# Snowblower stops throwing snow under load



## oldgeezor

I have an old Craftsman 8HP Dual Stage snow blower model # c-950-52477-5. Because I was having problems moving the snow I assumed it was the bearing #18 in the diagram so I replaced the bearing (was definitely loose) and the pulley (Had to cut off the pulley because I couldn't remove). I put the blower back together and tried to push some snow. Both the Impeller and Augers where moving so I assumed ever thing was fine but as soon as I got load on the machine the augers and impeller stopped pushing the snow out the chute. (Shear bolts are both okay). I now assume that there is a problem within the gear box. I would like someone's opinion before I tear open this unit and look around.

Thanks Greg

Ps. I am new to the forum


----------



## micah68kj

Are the augers and impeller actually truning or do they stop turning when under a load? If they're still turning you may need to adjust belt tension. If machine is turning but not gettimg the snow out of the chute it ay need an impeller kit. 
Please explain in better detail what it is doing or not doing.


----------



## tuffnell

I would suspect that the belt tensioner is not set properly or the belt is stretched or maybe glazed. Since you said it stops throwing snow when you load it up.


----------



## td5771

put it under a load, if the auger AND the impeller BOTH stop. it is your belts/tensioner etc.

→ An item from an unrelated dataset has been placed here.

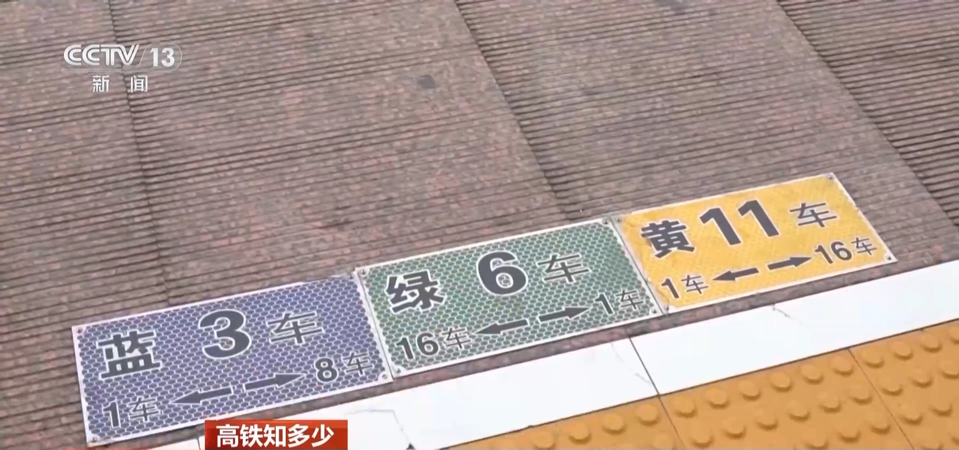 大多数的高铁站台都设置有黄、绿、蓝、紫四种颜色的地标,地标上标注的数字代表列车停靠站台后车厢所在的位置。旅客乘车时,根据站台电子屏上的提示信息,可以找到自己所乘列车对应颜色的地标,快速定位车厢位置等候上车。

if the augers stop but the impeller keeps spinning your gearbox is bad--if the augers are not feeding the impeller snow there will be nothing to throw out.


----------



## Kiss4aFrog

+1 TD5771

Need better description of problem.


----------



## oldgeezor

I agree with TD5771 at this point. While my belt looks in good shape there is way too much play before engaging the tensioner and even after. I have the tensioner maxed out so cannot adjust anymore. My next step is to measure the belt, order a new one and compare the difference. I just have a feeling they (Sears) are not providing the right size at this point even though they get the correct model # of the blower. I will keep you posted.


----------



## nt40lanman

You can figure what you need, bring yours to Napa and they can measure and get you a slightly shorter one in their equipment belt line. FWIW I had to run my new belt an hour to stretch it before the auger would stop when disengaged.


----------



## oldgeezor

NT40LandMan..I did what you suggested and went to Napa...got a belt 1/2" smaller than what Sears part was. It is now back together and everything looks good. Impeller driving well along with the augers. Need to have some snow now to test it out.

Ps. Napa Belt was around $8.50, Sears want $18.99 ..big difference..


----------



## Kiss4aFrog

What was the NAPA part number ??


----------



## oldgeezor

The Napa Belt is 4L310 which is a 31" belt where Sears sells a 31.4" for my snowblower. The Napa belt fits perfectly.


----------



## oldgeezor

Well we got the snow I needed to test the blower. It was a combination of snow then rain and then freezing. The snow blower was able to cut through this mess with no problem, sometimes sending snow out about 10'-15'.

So it appears the new belt along with the new bearing has fixed my problem.

Thanks for all the comments.


----------



## td5771

Thanks for posting the results, I am still waiting for a few to see if I was way off base or close.


----------